Ingenious basic principle: The young aristocrat was not only enthusiastic about technology, but also about the freedom that motorised individual mobility made possible. As he wrote in his diary: “We chose a vehicle that frees us from petty annoyances and leaves us to direct matters for ourselves. This was the petrol motor car of the ingenious Benz in Mannheim.”

Mercedes-Benz Museum, Raum Mythos 1: Pioniere – Die Erfindung des Automobils. Benz Victoria von 1893. Gesamtansicht von rechts vorn. (Fotosignatur der Mercedes-Benz Classic Archive: D830118) Mercedes-Benz Museum, Legend Room 1: Pioneers – The Invention of the Automobile. Benz Victoria of 1893. Overall view from the front right. (Photo index number in the Mercedes-Benz Classic Archive: D830118)

Overnight stage to Mannheim: On 20 July 1894, Liebieg and his travelling companion arrived in Mannheim. This marked the end of a spectacular two-day run which included an overnight journey, by far the longest single stage of the journey. The first port of call was the birthplace of the Victoria. Theodor von Liebieg: “We immediately drove to the Benz & Cie. factory, where Mr [Friedrich] von Fischer and Mr [Carl] Benz awaited us; both were delighted with our daring endeavour and the happy outcome. After all, the car had covered 282 kilometres in the last 26 hours, a distance that no one has ever undertaken on such a vehicle[!].”

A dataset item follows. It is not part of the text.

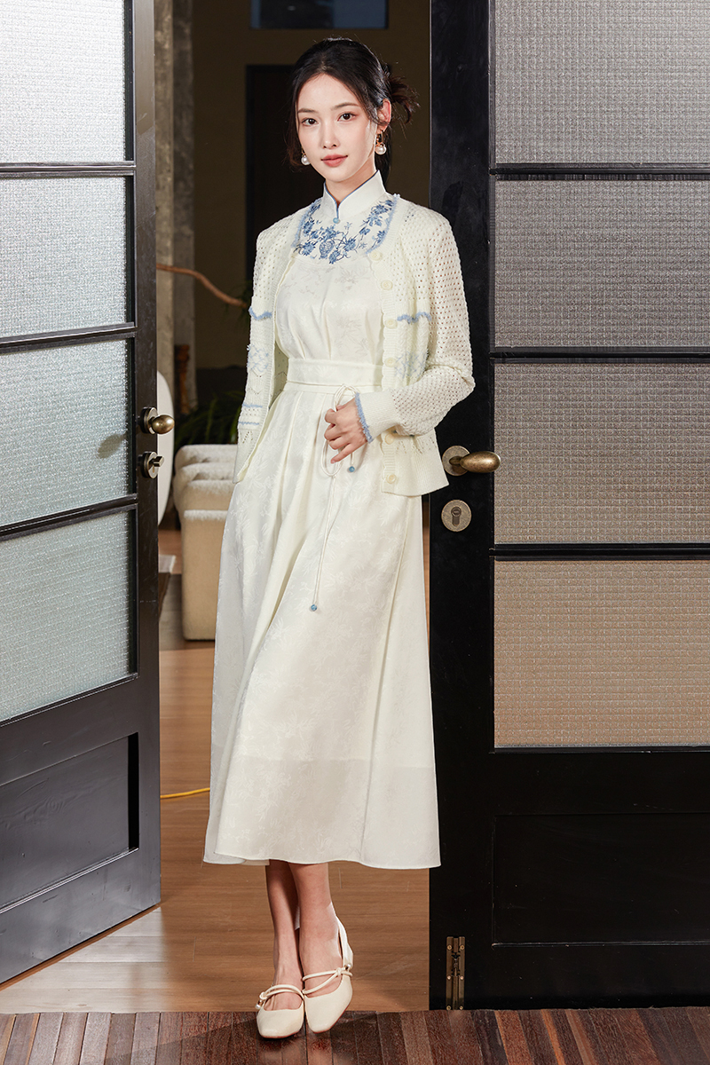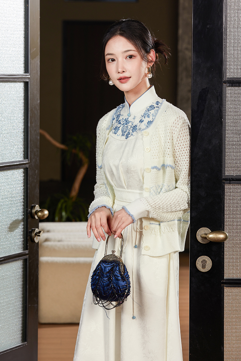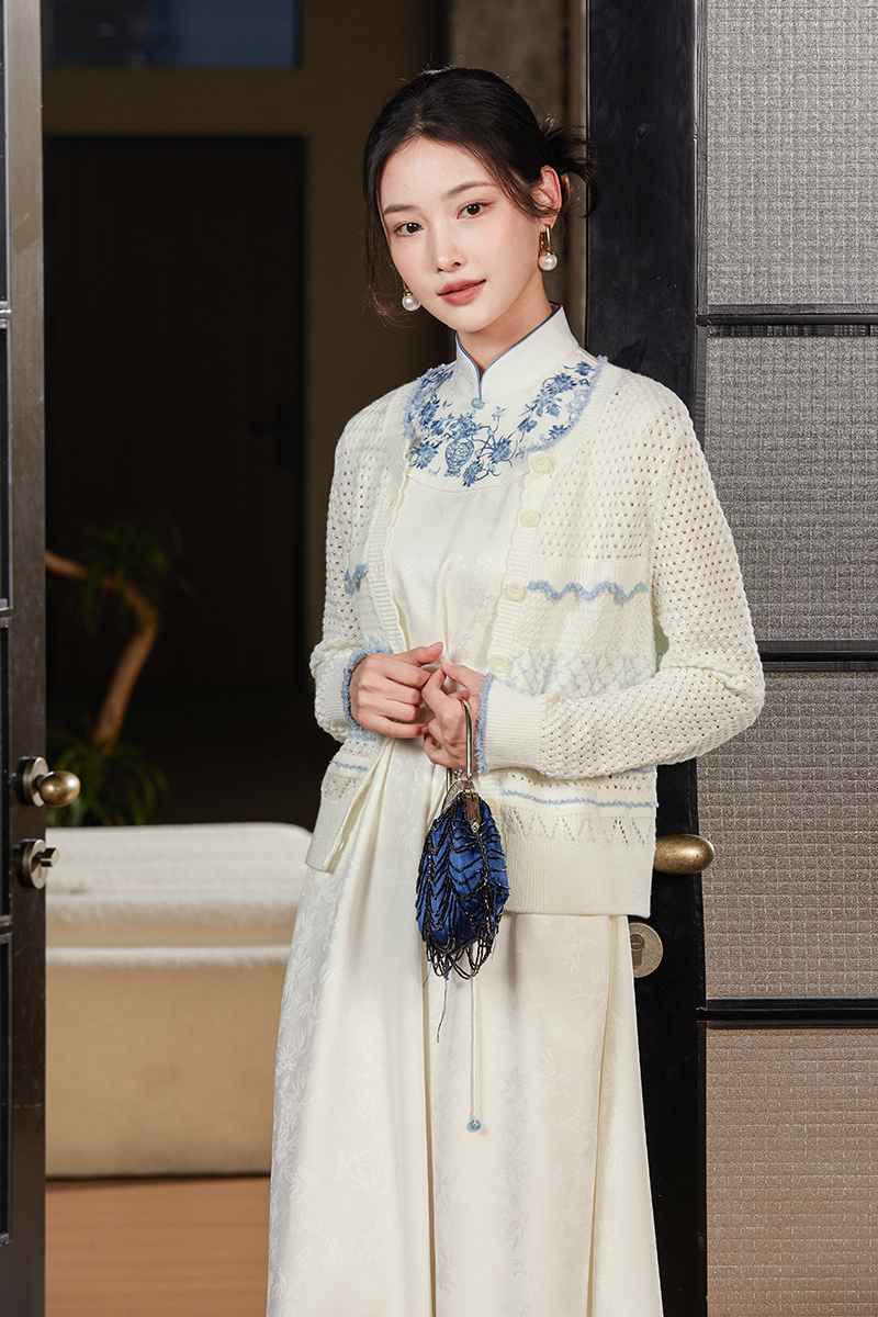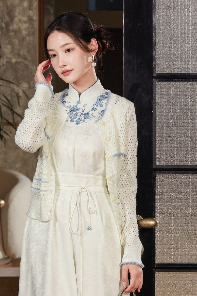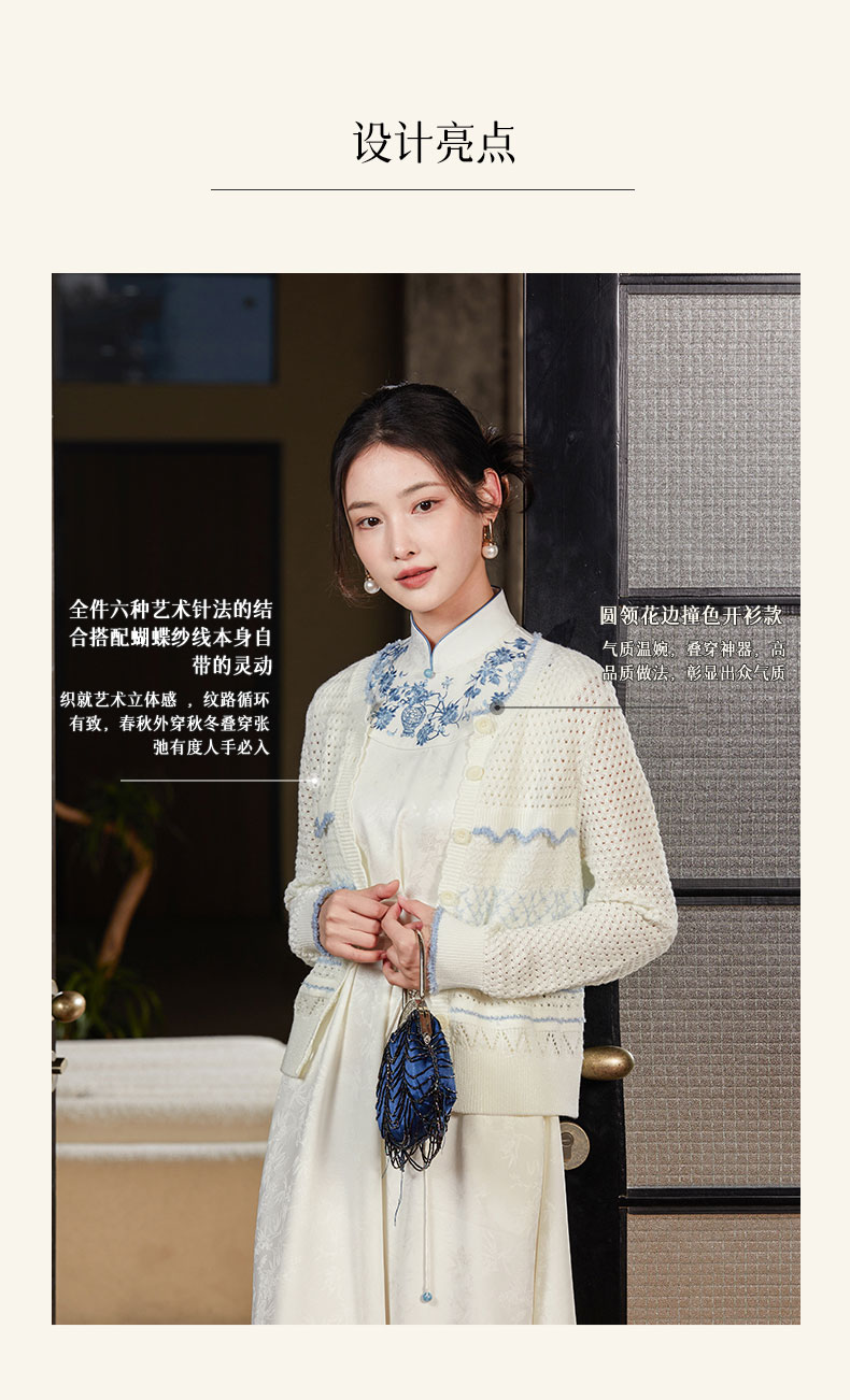 设计师巧妙地将青花瓷的纹饰转化为针织的立体纹路,使得整件开衫既有古典的温婉,又不失现代的时尚感。

A contemporary testimony to good service: The diary from 1894 is an impressive document about early long-distance journeys by car. It also testifies to the strong service ethic at Benz & Cie.: during the stops in Mannheim on the outward and return journeys, the vehicle of Baron von Liebieg was extensively serviced. And after a breakdown during a stay of several weeks on the Moselle, where the Baron went on numerous excursions, a Benz mechanic was despatched there to carry out the necessary work.

A fond farewell: On the way back, car designer Benz and his family even escorted their customer. “On Sunday we started our journey home again, accompanied by the whole Benz family, who travelled with us as far as Gernsheim. We said our goodbyes over the last bottle of Moselle, and after photographing the two cars we drove on alone towards Offenbach.” All in all, Liebieg covered around 2,500 kilometres in his Victoria on this journey to the Moselle and back.

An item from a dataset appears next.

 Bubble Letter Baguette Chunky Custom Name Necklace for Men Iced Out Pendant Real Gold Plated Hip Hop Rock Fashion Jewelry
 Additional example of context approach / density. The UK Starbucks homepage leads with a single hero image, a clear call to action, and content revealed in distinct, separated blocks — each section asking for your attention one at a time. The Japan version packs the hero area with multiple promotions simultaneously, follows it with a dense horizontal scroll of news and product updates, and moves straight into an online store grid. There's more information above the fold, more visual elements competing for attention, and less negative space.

From long-distance driving to motorsport: The “Benz Journey” undertaken by Liebieg in 1894 was important proof that the motor car was perfectly suited to travelling very long distances. In the same year, the same idea gave rise to a new form of competition in France, namely motor racing: Vehicles with Daimler-licensed engines won the first automobile race from Paris to Rouen. This marked the beginning of 130 years of motorsport at Mercedes-Benz. Theodor von Liebieg was also involved. Among other events, he took part in the first automobile race through the Alps in 1898, and in 1899 won the first international race in Vienna with a Benz 8 hp racing car.